Neither the Company nor any of its affiliates has any material relationship with the Lenders, other
than in respect of the Credit Agreement.
The Forbearance and Amendment provided that the Lenders would forbear from exercising their
rights under the Credit Agreement arising from the Companys failure to comply with certain
financial covenants in the Credit Agreement with respect to the fiscal quarter ended December 31,
2006. Specifically, the Company was not in compliance with the terms of the Credit Agreement
because it failed to maintain the required debt-to-earnings and EBIT-to-interest ratios provided
for in the Credit Agreement. The Lenders agreed to forbear from exercising their respective rights
and remedies under the Credit Agreement until March 23, 2007 (the Forbearance Period), unless the
Company breaches the Forbearance and Amendment or unless another event or condition occurs that
constitutes a default under the Credit Agreement.
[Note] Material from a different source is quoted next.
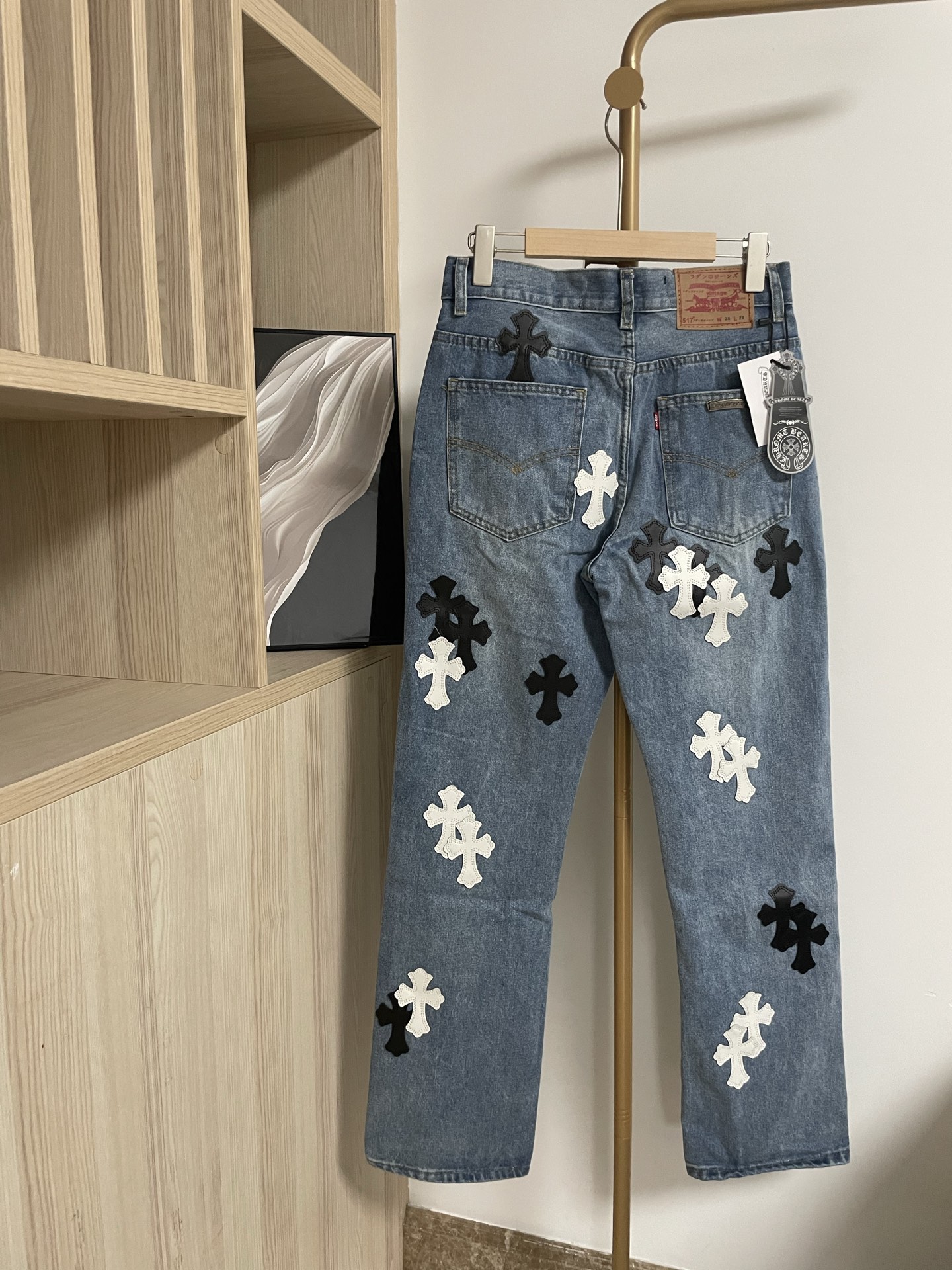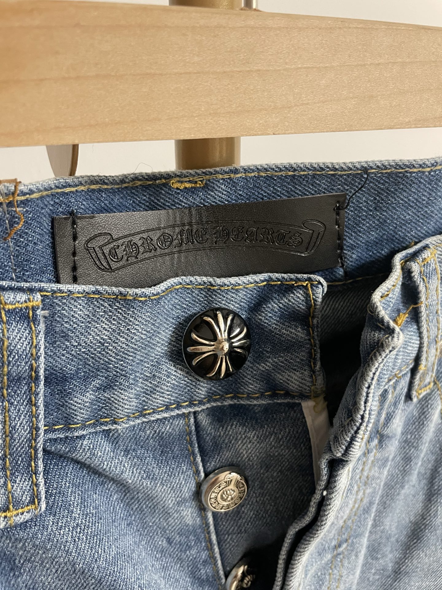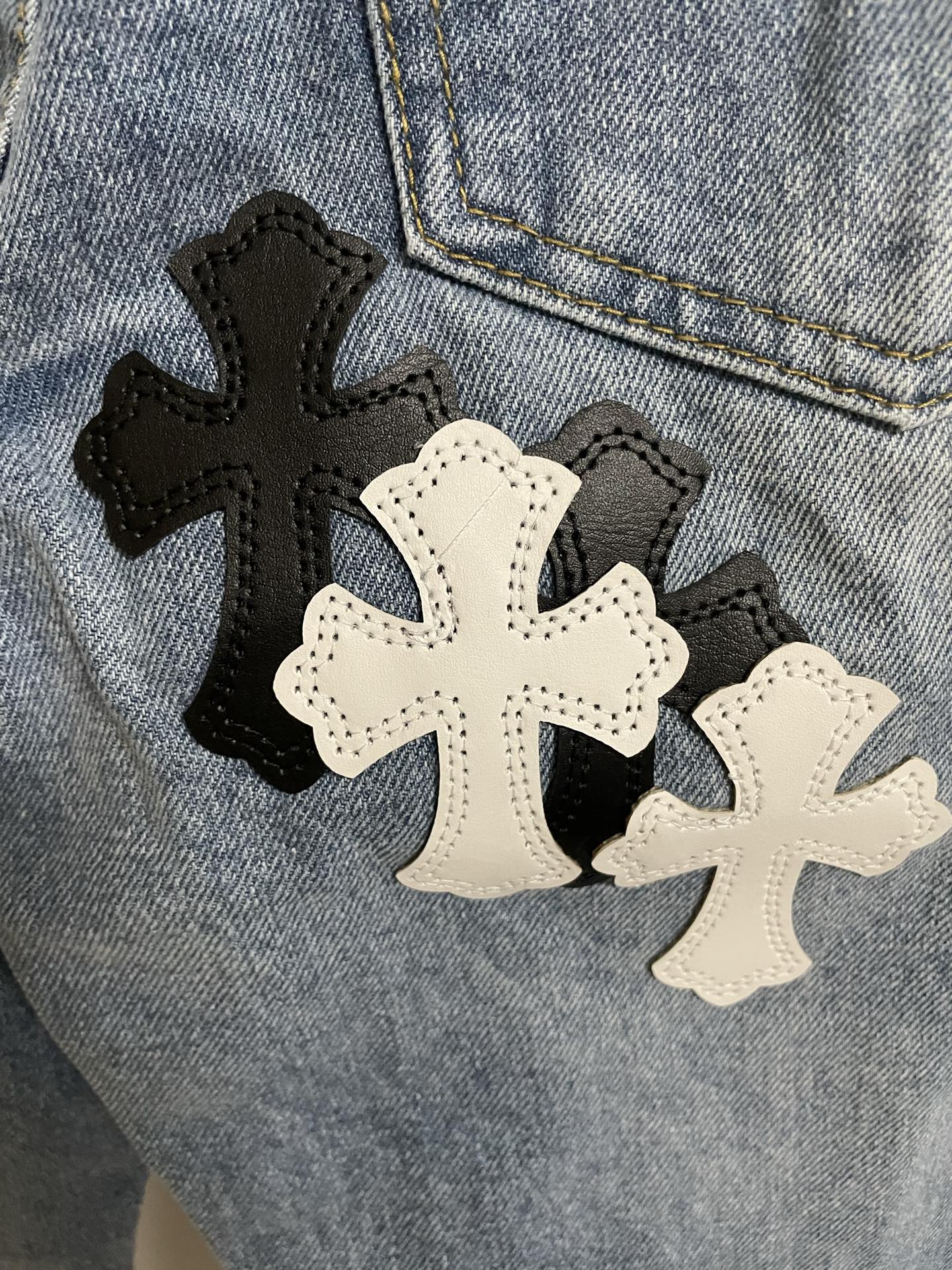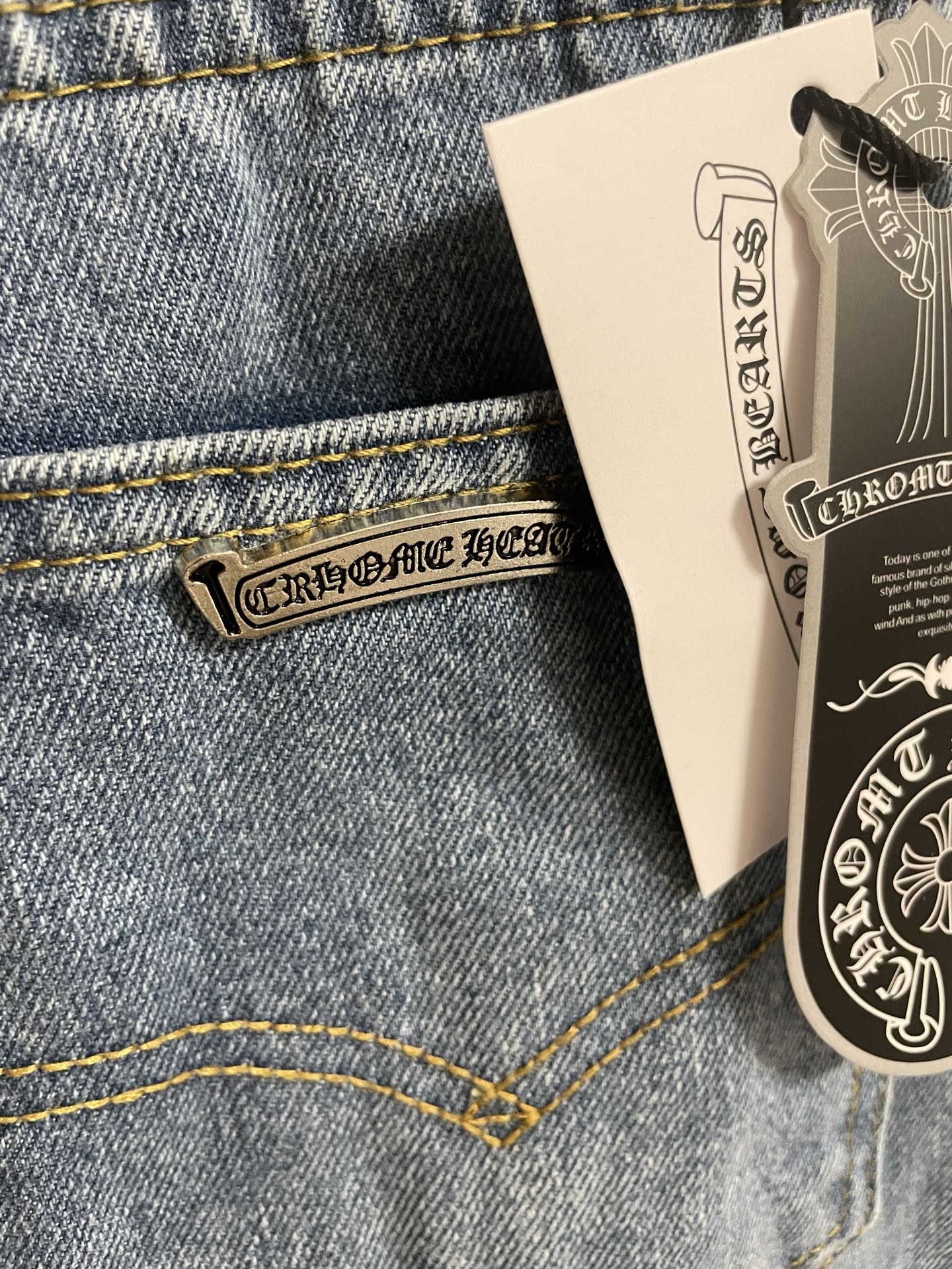 这款衣服是AAAAA 1:1 质量 (非常棒). 使用了和原版一模一样的材料. 商标部分也保持了和克罗心/Chrome Hearts一样. 图片拍摄是实物衣服拍摄, 您所收到的实物保证和我们图片一模一样.

The Forbearance Extension extended the
Forbearance Period until May 18, 2007. Once the Forbearance Period ends, the Lenders may exercise
their rights and remedies under the Credit Agreement without further notice or action.
On May 18, 2007, the Company and the lenders entered into an Extension of Forbearance and
Amendment Number Eight to Credit Agreement (the Second Forbearance Extension) which extended the
Forbearance Period until August 15, 2007. The Second Forbearance Extension acknowledged that the
Company continues not to be in compliance with the financial covenants identified above for the
fiscal quarter ending March 31, 2007 and, based on the information received to date, does not
contemplate being in compliance with the fiscal quarter ending June 30, 2007.